Een half jaar na mijn vertrek haalde Bart me weer op van Schiphol. Ik had me enorm verheugd op het weerzien met hem, maar toen ik op hem afstapte was ik vooral moe en blij weer overal Nederlands te horen. In de auto zag ik dat mijn fantasie Bart knapper had gemaakt dan hij feitelijk was, hoewel hij misschien ook gewoon fiks was aangekomen en een zorgelijke blik in zijn fletse ogen had.
‘Ik miste zijn verhalen, of beter: ik miste hem zoals ik me hem voorstelde als hij zijn verhalen vertelde’
De eerste dagen in Barts appartement sliep ik veel en was ik in de war en verdrietig. Na een week wist ik wat er scheelde: ik miste de verhalen van Bart, of beter: ik miste de Bart zoals ik me hem had voorgesteld als hij zijn verhalen vertelde. Want die zag ik niet meer, de man die me eten kwam brengen en naast me in bed lag was een ander, een absolute vreemdeling, een grijze muis zonder fantasie, zonder humor en sensualiteit.
Op een namiddag in de keuken sneed ik het onderwerp aan. Ik hing met mijn billen tegen het aanrecht, Bart tegen het kozijn van het raam met uitzicht op de tuin. Zo hebben we uren gestaan en gepraat, zonder ons substantieel te bewegen. Hoewel ik er nog helemaal niet op aan wilde sturen hing de scheiding in de lucht en bleek die onontkoombaar, want ook Bart had een andere Jeroen van Schiphol gehaald dan de zijne.
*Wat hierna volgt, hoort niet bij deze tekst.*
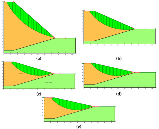 36]. Although there are some differences in practice between these methods, the common feature is the investigation of the slip mass equilibrium on a known or accepted critical slip surface. The slice method was used in the analyses performed in this study. The Bishop and half-sine function methods were selected in the calculations.

Ik ben teruggegaan naar mijn kamertje in Utrecht, waar ik al een dik jaar niet meer was geweest. We zouden het even aanzien, elkaar wat rust gunnen, maar we wisten dat het uitstel van executie was. Ik maakte het definitief uit toen Ewald, mijn huidige man, op mijn pad kwam.
Vrienden
Bart en ik zijn vrienden. Grote, goede, fijne vrienden. Hij vertelt al jaren weer verhalen aan me, geen erotische, maar meestal avontuurlijke. Elke eerste zondag van de maand maken we een wandeling en laat hij zijn fantasie de vrije loop. Nu alleen even niet natuurlijk; zondag heb ik hem oldskool gebeld en heeft hij een verhaal verteld waar ik even hard om moest lachen. Als wederdienst heb ik op zijn verzoek een perfecte Der Wegweiser voor hem gezongen.